I’m developing a block device driver talking to a storage device over TCP/IP. I’m using WskSend and WskReceive for sending and receiving the data from target device.
I have 8 cores in my PC, when issuing commands from multiple cores (C0, C1, C2, C3, C4, C5, C6, C7) getting all the WSK callbacks runs on one particular core (C0).

These are the APIs which I’m using.
IoSetCompletionRoutine(irp, CommandCallback, pContext, TRUE, TRUE, TRUE);

WskSend(WskSocket, &wskbuf, WSK_FLAG_NODELAY, irp);

WskReceive(WskSocket, &wskbuf, WSK_FLAG_WAITALL, irp);

OS is Windows Server 2012 R2 & Windows 10.

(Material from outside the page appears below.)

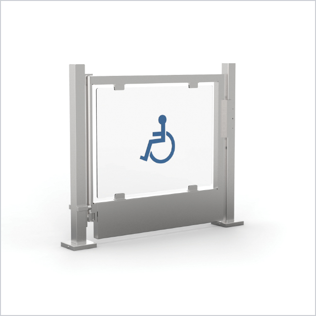 VSG-X Hydraulically dampened, self-closing pedestrian gate provides one way passage; manual and electric lock control versions.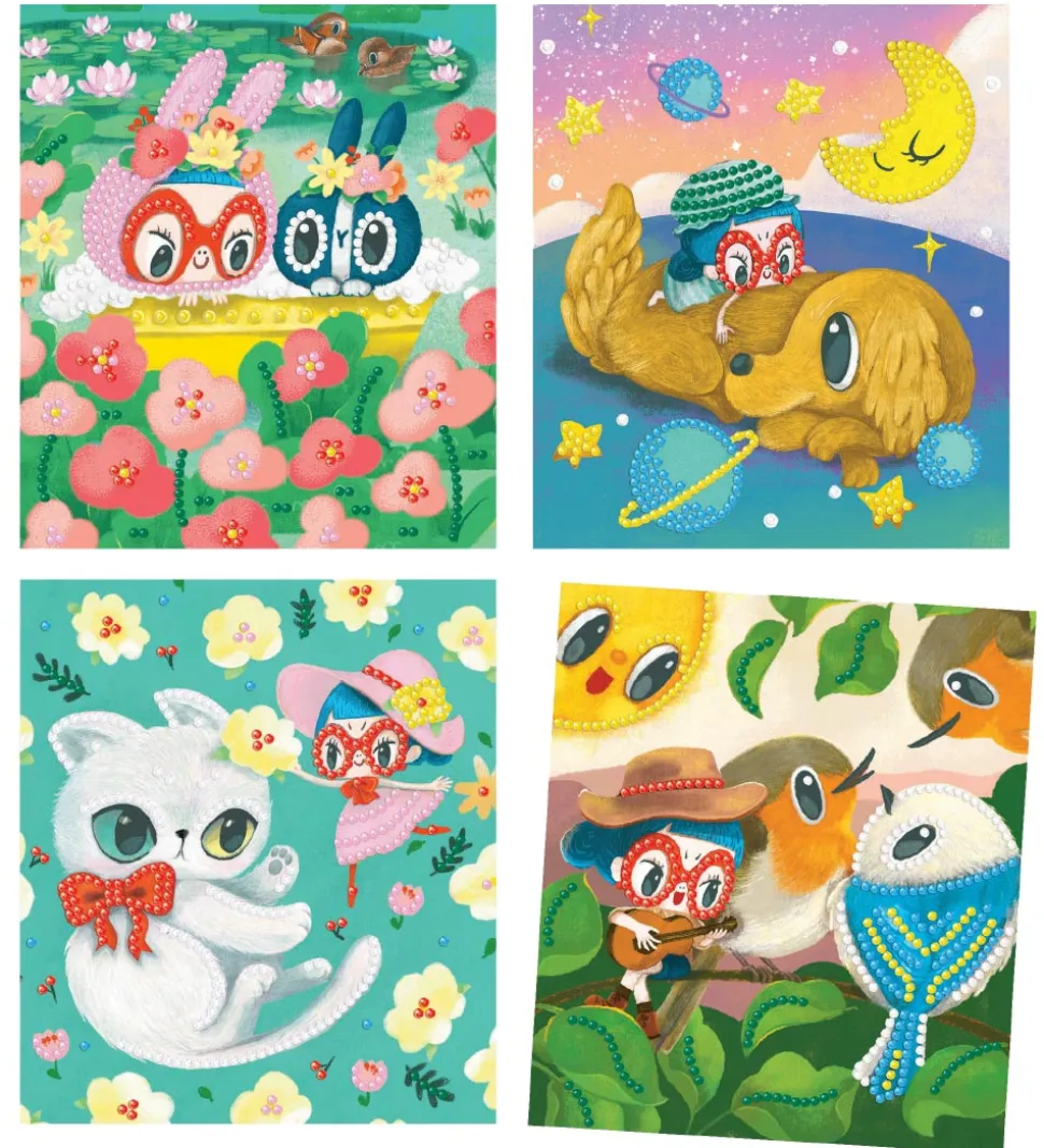Djeco mini diamanterne er perfekte til de kreative små, da de selv kan vælge hvilke farver af de små perler de sætter på de forskellige motiver. Sættet er med til at styrke barnets finmotorik.

Why the callbacks run on one particular core? This callbacks are running on NIC driver context. Can’t it be scheduled to run on multiple cores which I believe will improve performance?

Regards,
Vikash Kumar

If you have a single socket, then the OS will try to keep it on a single core, for cache locality. Obvious the OS can’t dictate which core you’re on when you initiate a new WskSend, but callbacks will be funnelled up on the core for that socket. (Note that the core may change over time, due to rebalancing.)

Windows can distribute a network workload across multiple CPUs – this is called RSS. But the unit of granularity of RSS is the socket; Windows goes to some great lengths to avoid splitting a socket across multiple cores. Imagine if it did not: you could have the WskReceive completions running on two processors in parallel, but the first thing you’re likely to do is grab a spinlock to protect your internal state… thus defeating all the parallelism.

If you want to throw more cores at a networking problem, then you will need (a) a network driver that supports RSS, and (b) to split your workload across multiple sockets.

Hi Jeffrey,

Thanks for the reply. My system is having 8 cores and I have created 8 sockets. I am pushing the IOs to socket based on the core number.

I was expecting the callbacks to arrive on different cores but callbacks are always coming on one particular core for all the connections.

I checked NIC driver properties in device manager in my PC, Its RSS enabled also tried some different RSS load balancing properties but still same behaviour.